··· Given information ···
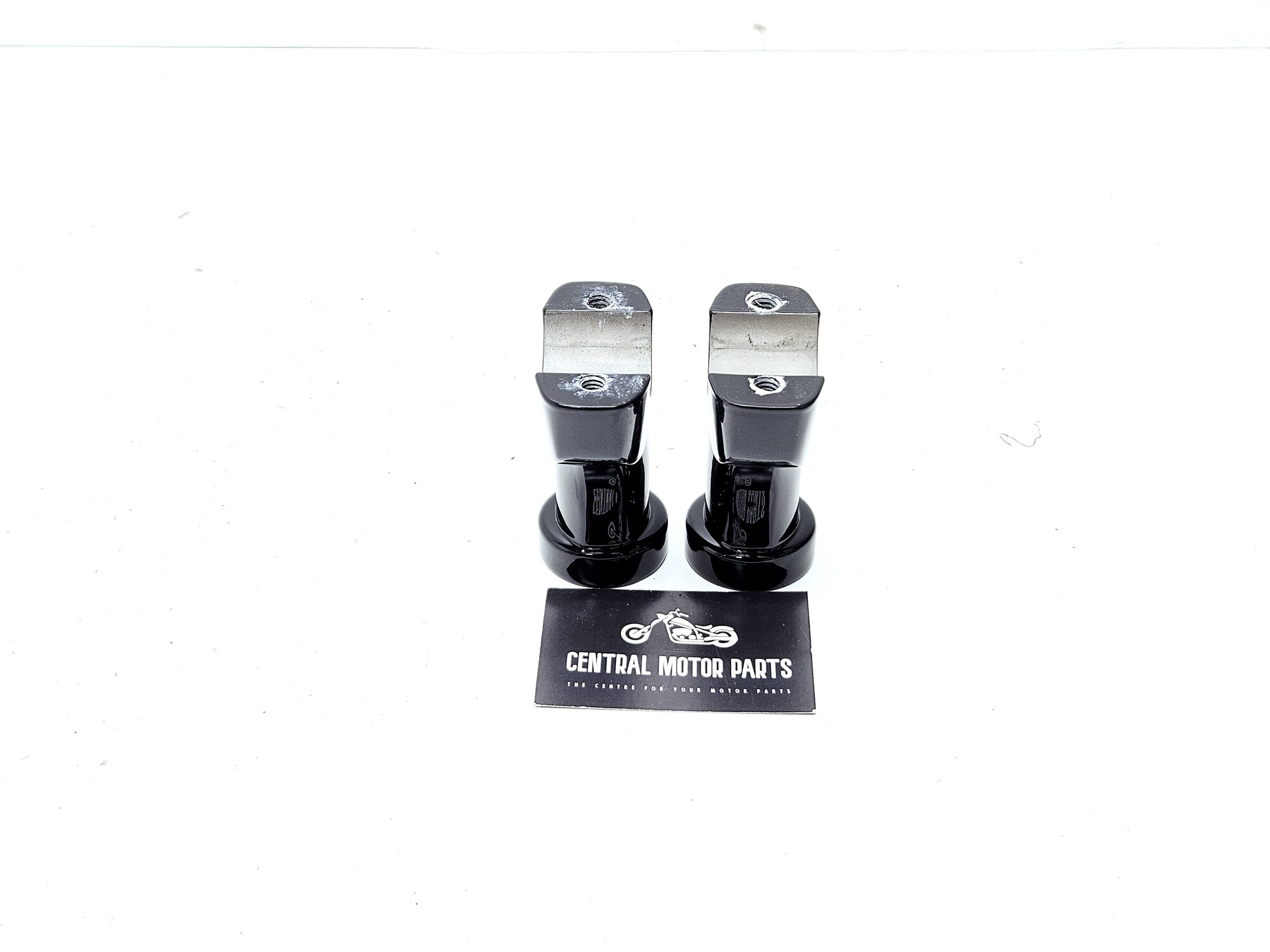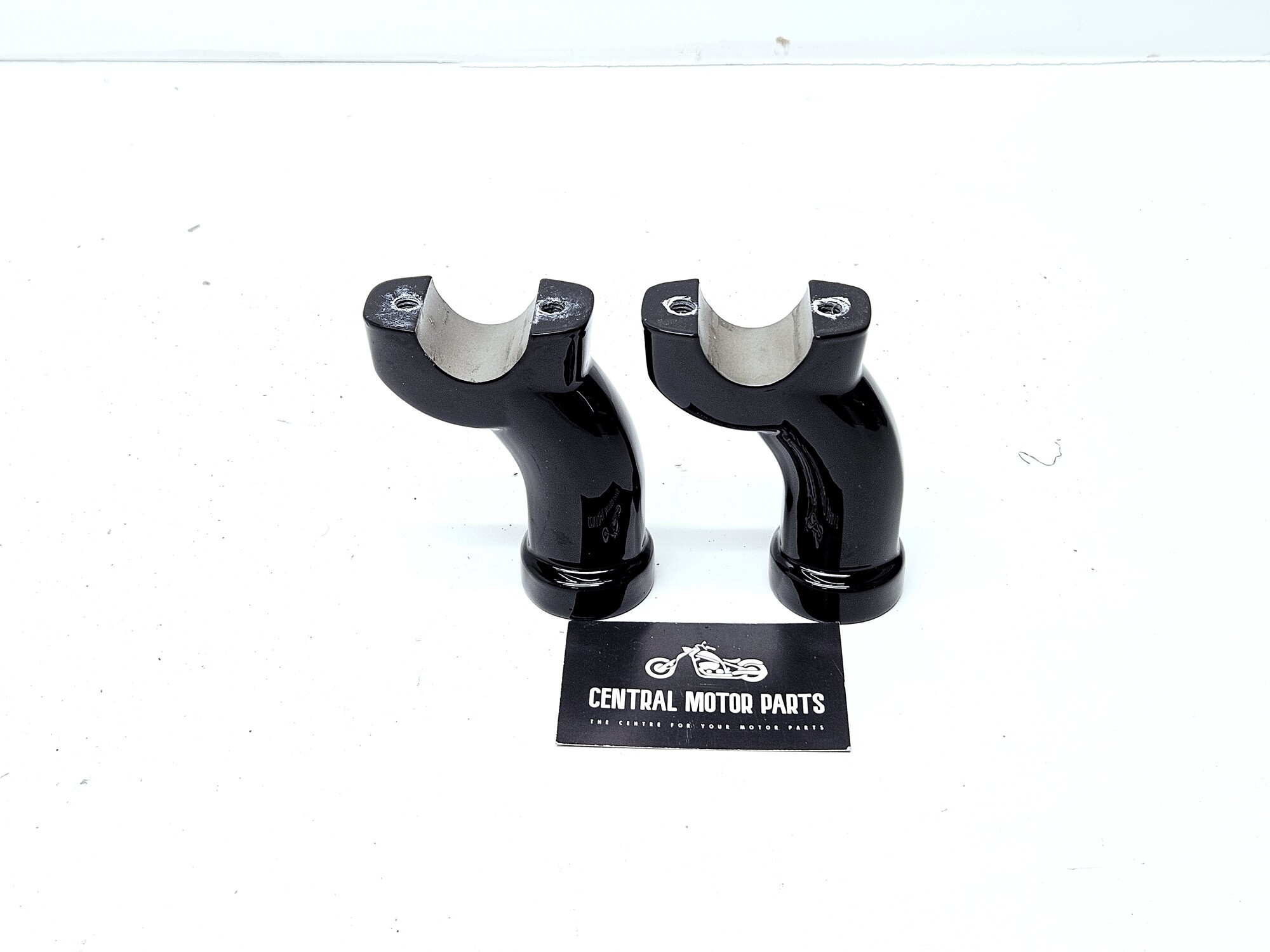 Een set glans zwarte Riser Lowers voor Harley Davidson modellen met 1.25 inch stuur dikte bij de aansluiting.
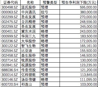 详细来看,温氏股份(300498)以59.5亿元遥遥领先;中兴通讯(000063)以扭亏38亿元居于第二位;圣农开展(002299)2019年前三季度估计净利润为27亿元,居于第三位。
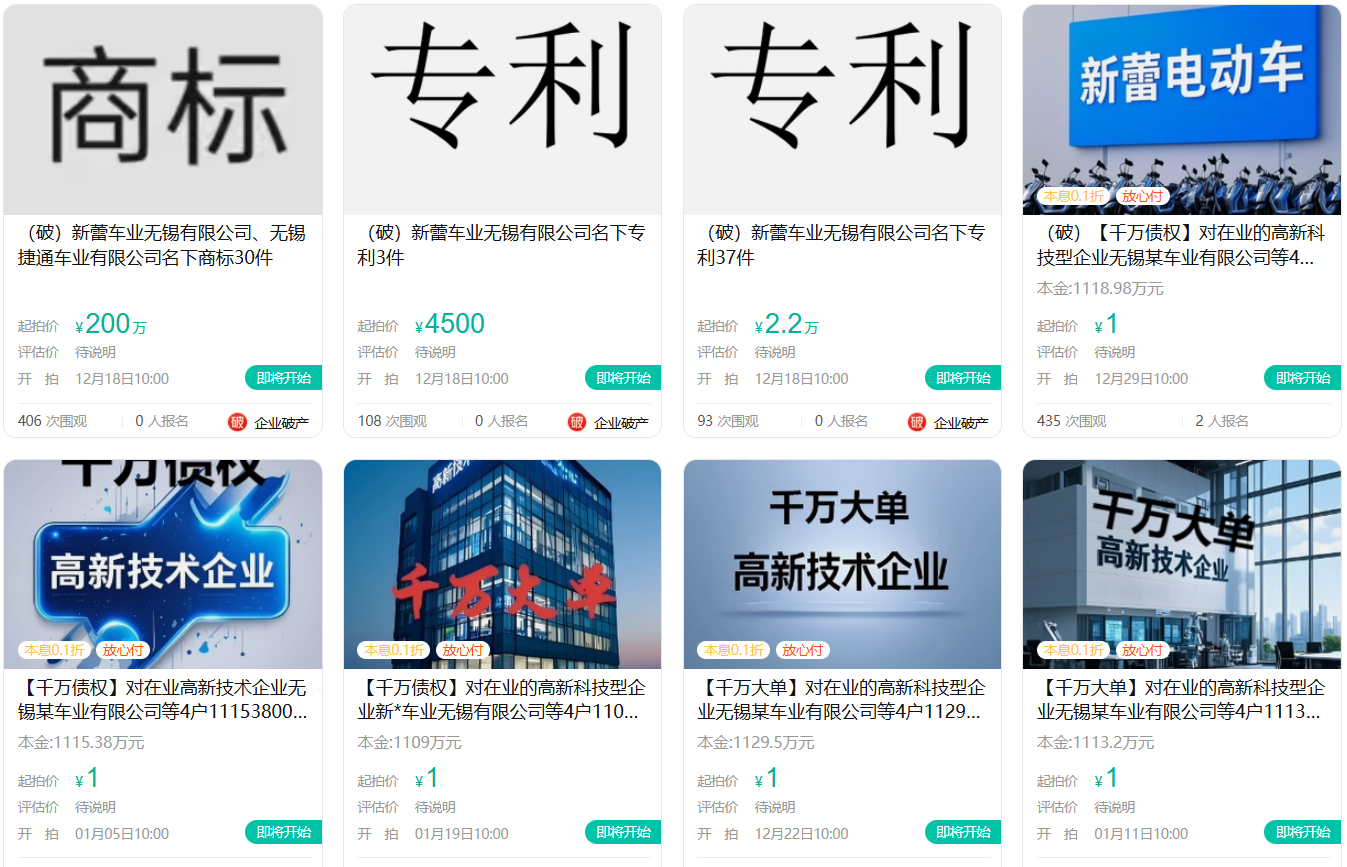 作为电动车行业曾经的知名品牌,新蕾车业无锡有限公司等相关公司正式破产,目前部分房产、设备、商标、专利及车辆已经多次进行公开司法拍卖! 在中国电动车产业发展的30年里,...
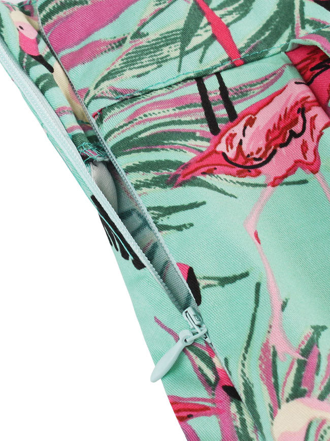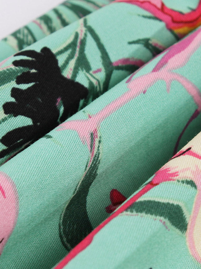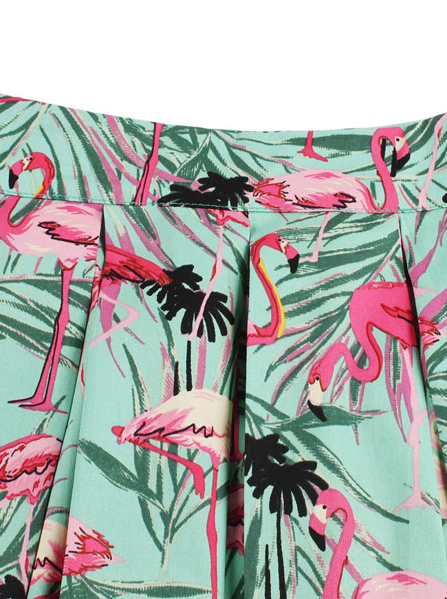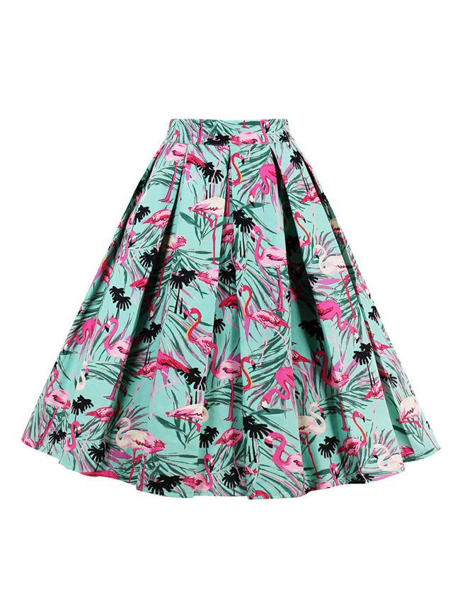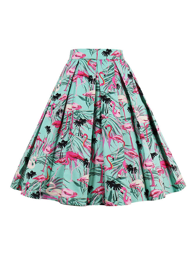 The Knee Length Skirt Features: Flamingo and Leaf Patterns, Classic Pleated Style, High Waist and A-Line Flared Design Fit any Body Shape, Concealed Zipper Closure. Great for Daily Casual, Party, Wearing to Work and other Occasion.
···
> [Problem description] Whenever a line holds a picture, print that line without the picture. All other data must be output exactly.

> [Response]
 Een set glans zwarte Riser Lowers voor Harley Davidson modellen met 1.25 inch stuur dikte bij de aansluiting.
 详细来看,温氏股份(300498)以59.5亿元遥遥领先;中兴通讯(000063)以扭亏38亿元居于第二位;圣农开展(002299)2019年前三季度估计净利润为27亿元,居于第三位。
 作为电动车行业曾经的知名品牌,新蕾车业无锡有限公司等相关公司正式破产,目前部分房产、设备、商标、专利及车辆已经多次进行公开司法拍卖! 在中国电动车产业发展的30年里,...
 The Knee Length Skirt Features: Flamingo and Leaf Patterns, Classic Pleated Style, High Waist and A-Line Flared Design Fit any Body Shape, Concealed Zipper Closure. Great for Daily Casual, Party, Wearing to Work and other Occasion.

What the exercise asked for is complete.